Foreign investors continued to exert pressure, net-selling nearly VND 600 billion on the HoSE. Nonetheless, compared to previous sessions, the net-selling pace showed signs of slowing. The December 12th session also marked the foreign bloc’s sixth consecutive net-selling session, further straining market sentiment.

The session’s unexpected developments quickly became a hot topic on investment forums. Many investors sought reasons for the market’s sharpest decline since mid-October, especially given the absence of sudden negative macroeconomic factors.

Numerous large-cap and real estate stocks plummeted to their floor prices by the close of the December 12th session.

Báo Người Lao Động reporters had a quick exchange with Mr. Trương Hiền Phương, Senior Director of KIS Vietnam Securities Company, regarding today’s unexpected market developments and strategies for investors in upcoming sessions.

Reporter: Many investors are puzzled as there were no particularly significant factors affecting the market, yet the VN-Index still lost over 50 points?

Mr. Trương Hiền Phương: If we consider significant factors, personally, I don’t see any sudden causes for today’s developments. I believe it stems from a few reasons: The market has been moving sideways for about two weeks without strong enough information to drive it, and cautious capital has remained on the sidelines. Smart money has also not returned, insufficient to propel the market higher.

Technically, after a period of sideways movement, the market often experiences a shift—either upward with positive information or downward with weak information. But today’s session saw strong selling pressure at the close, leading to widespread market sell-offs.

A notable factor is that the Vingroup stocks officially “broke their trend.” Over the past two months, while the VN-Index hovered around 1,600 – 1,800 points, support for the index largely came from this group. Excluding Vingroup stocks, the VN-Index was actually around 1,500 points. With a lack of supportive information and prolonged sideways movement, weakened sentiment made investors fear further declines, leading to selling pressure.

Additionally, foreign investors continued to net-sell heavily, focusing on large-cap stocks, making domestic investors—already fragile—even more cautious amid numerous adverse factors.

Furthermore, there were signs of large capital selling. The strong selling concentrated at the close, with large volumes pushing many stocks to their floor prices—this did not come from retail investors but from institutions or large investors.

Given these developments, how do you foresee the market performing in the coming days?

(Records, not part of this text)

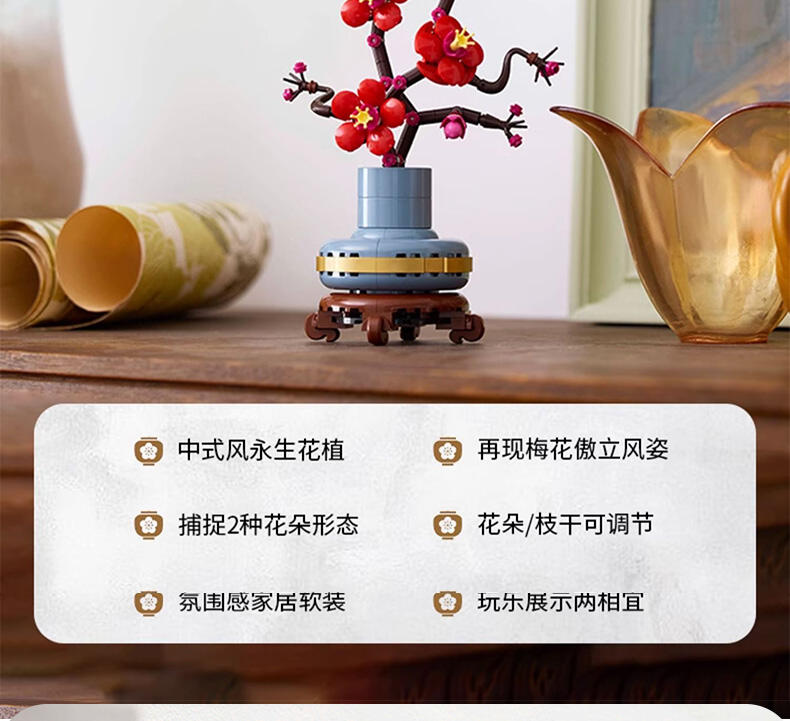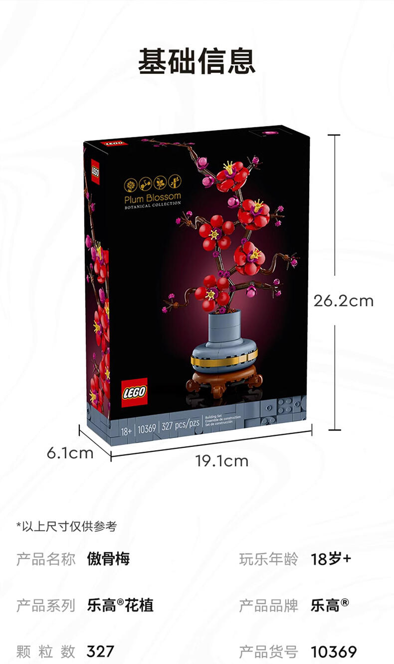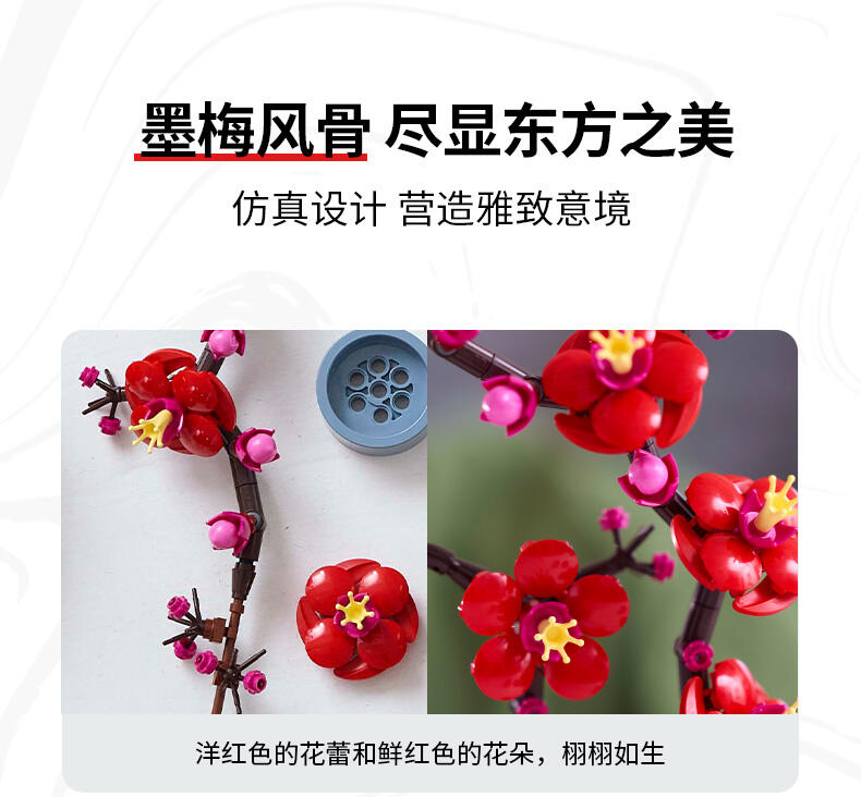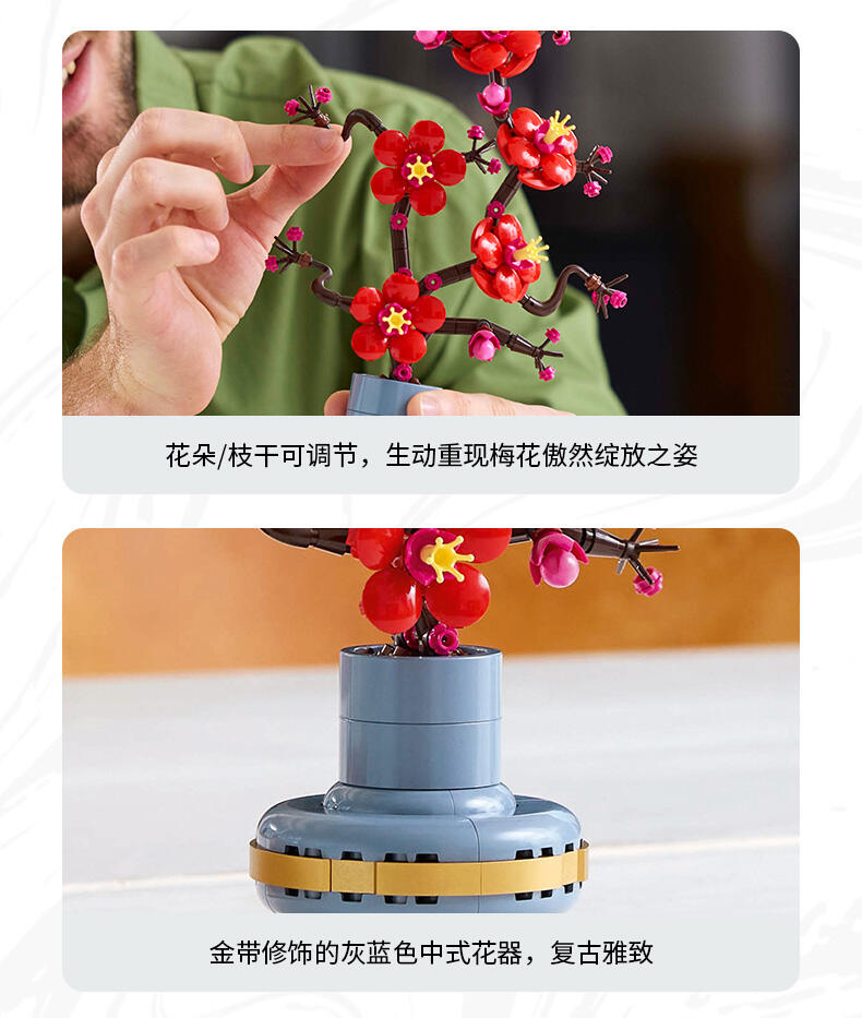 花点时间欣赏乐高图标梅花(10369)成人花建筑套装。梅花是传统艺术中一个受欢迎的主题,经常在水墨画中描绘为被称为四君子的经典四重奏美丽植物的一部分。用这个乐高人造花套装沉浸在一个有意识的建筑项目中,或者用这个永恒的花卉展示来招待爱人。。
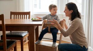 対策: 食事の直前までテレビを見せるのではなく、食卓の準備を手伝ってもらったり、軽い手遊び歌をしたりして、「動」から「静」への切り替えスイッチを意識させます。日中に「ハイハイ遊び」や「ぶら下がり遊び」を取り入れ、体幹の基礎力を高めておくことも有効です。
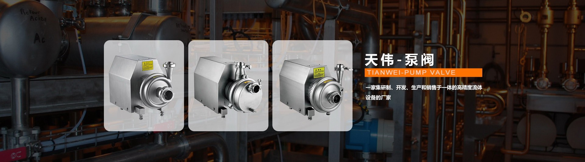 溫州天偉泵閥科技有限公司,毗鄰溫州萬噸碼頭,甬臺溫高速公路、溫州機場,地理位置優越,水陸交通暢捷,具有得天獨厚的發展優勢。是一家集研制、開發、生產和銷售于一體的高精度流體設備的廠家。 我司主要產品有:衛生級離心泵,自吸泵,CIP回程泵,防爆型離心泵,轉子泵,衛生閥門管件、管道鏈接件等產品。產品廣泛應用于食品、制藥、啤酒、乳制品、飲料、化妝品及精細化工等領域。產品均按客戶提供的技術參數及ISO、IDF、DIN 和3A等工業標準制造。各項技術均達到同行業領先水平,符合GMP藥典要求。公司堅信“用戶是我們產品...
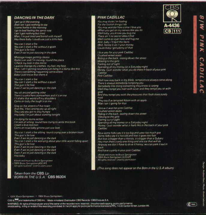Bruce Springsteen - Dancing In The Dark / Pink Cadillac

+ The possibility of the market declining further over the next few sessions exists. When the market closes sharply lower, it often leads to margin calls (requests for additional collateral) in the following 1-2 sessions. Some investors will be forced to sell to cover margins due to insufficient funds, creating additional technical downward pressure. However, this decline does not stem from macroeconomic risks or issues with businesses or the economy but primarily from technical and psychological factors.

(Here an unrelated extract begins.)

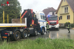 Ein 4-achsiger Lkw samt Anhänger musste seine Ladung bei einem im Bau befindlichen Objekt abladen bzw. die Zimmermannsarbeiten unterstützen. In den Morgenstunden war der nicht befestigte Weg noch trocken und der Lkw-Fahrer konnte sein Gefährt rückwärts zur Baustelle lenken. Am Nachmittag setzte aber starker Regen ein und weichte den Untergrund auf. Nach der Beendigung der Arbeiten wollte er Lkw-Fahrer sein Schwerfahrzeug über den unbefestigten Weg wieder verlassen. Doch trotz zweier angetriebener Achsen blieb der Lkw stecken.
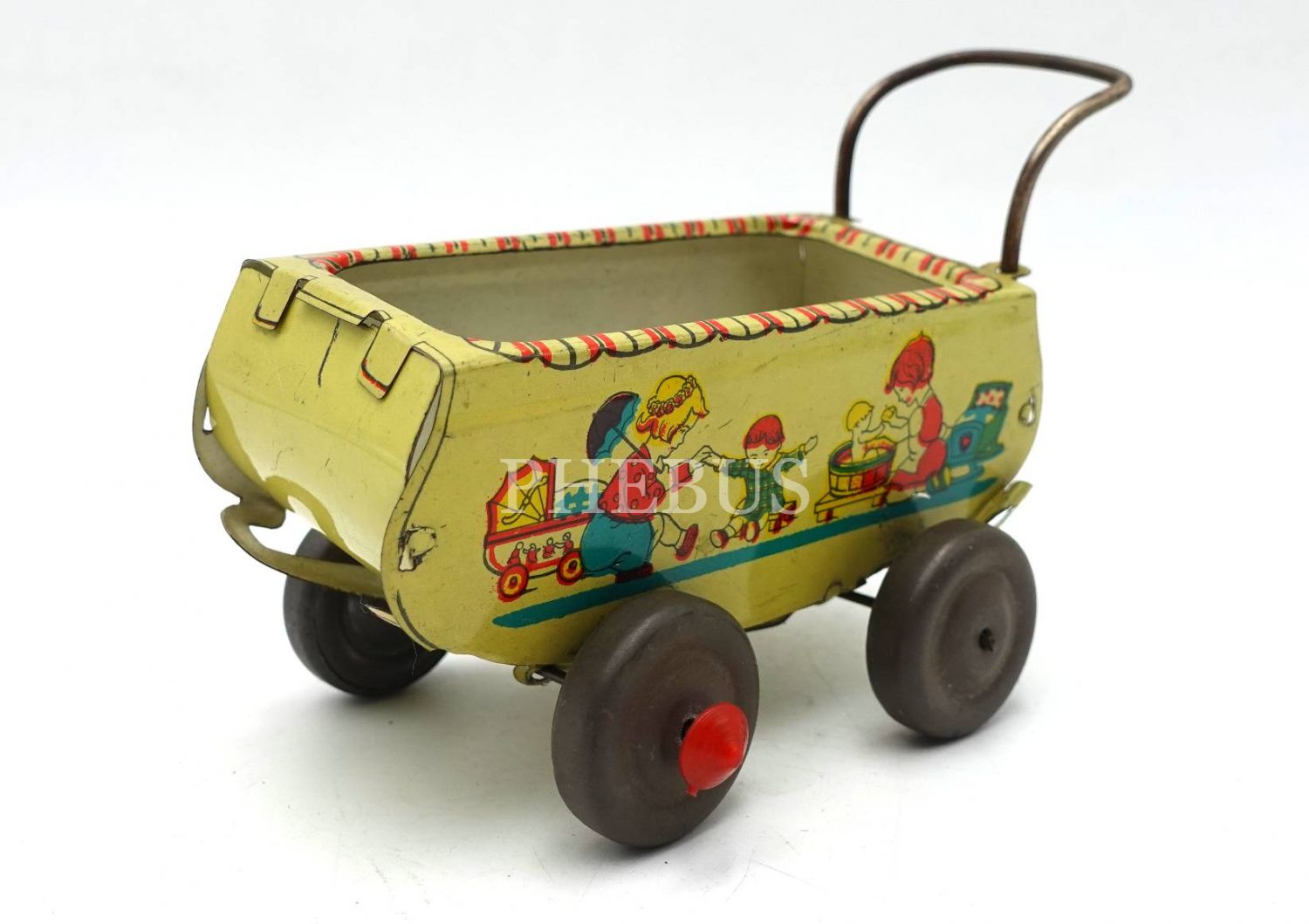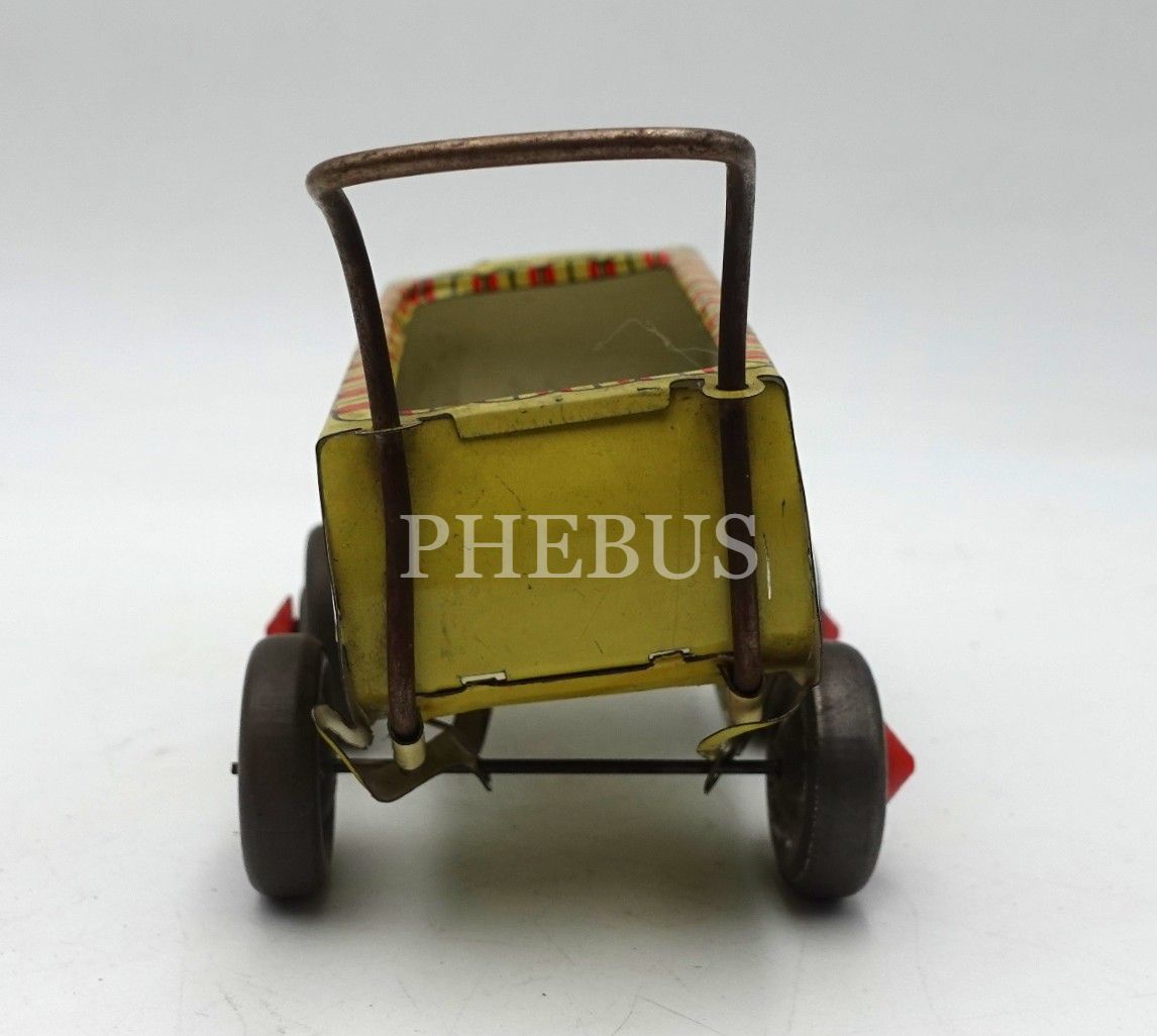 Teneke oyuncak bebek arabası, sol arka tekerde kırmızı bir parça eksik haliyle, 12x8x4 cm

Therefore, if the market declines further, the downward momentum will likely weaken as margin-selling pressure subsides. This is likely a short-term adjustment rather than a significant risk.

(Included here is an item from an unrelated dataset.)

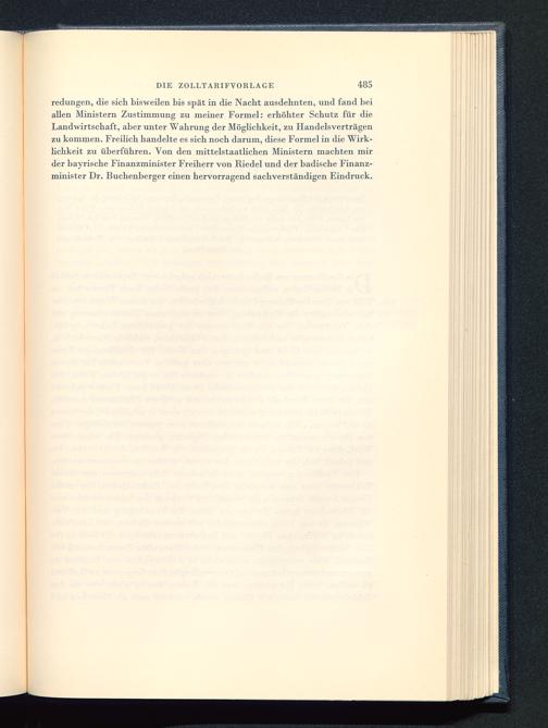 redungen, die sich bisweilen bis spät in die Nacht ausdehnten, und fand beiallen Ministern Zustimmung zu meiner Formel: erhöhter Schutz für dieLandwirtschaft, aber unter Wahrung der Möglichkeit, zu Handelsverträgenzu kommen. Freüich handelte es sich noch darum, diese Formel in die Wirk-lichkeit zu überführen. Von den mittelstaatlichen Ministern machten mirder bayrische Finanzminister Freiherr von Riedel und der badische Finanz-minister Dr. Buchenberger einen hervorragend sachverständigen Eindruck.

Many investors are currently in the red as stocks have fallen 10-30% over several weeks. What strategy would be appropriate now?

+ For investors holding quality stocks, I believe there’s no need to sell at any cost at this point. Over the past 2-3 weeks, most stocks have declined 5-30%. Rebounds have only appeared for 1-2 sessions before falling more sharply, so most investors are currently at a loss. However, there’s no reason for panic selling, especially when the adjustment is technically driven.

At this point, investors holding cash can take advantage of opportunities to buy quality stocks at deep discounts—price levels previously unattainable. Investors with underperforming portfolios can also restructure, selling stocks without potential and shifting to those with strong fundamentals, high profit margins, or unique stories.

When the market stabilizes and capital returns, quality stocks will recover faster and stronger than weaker ones.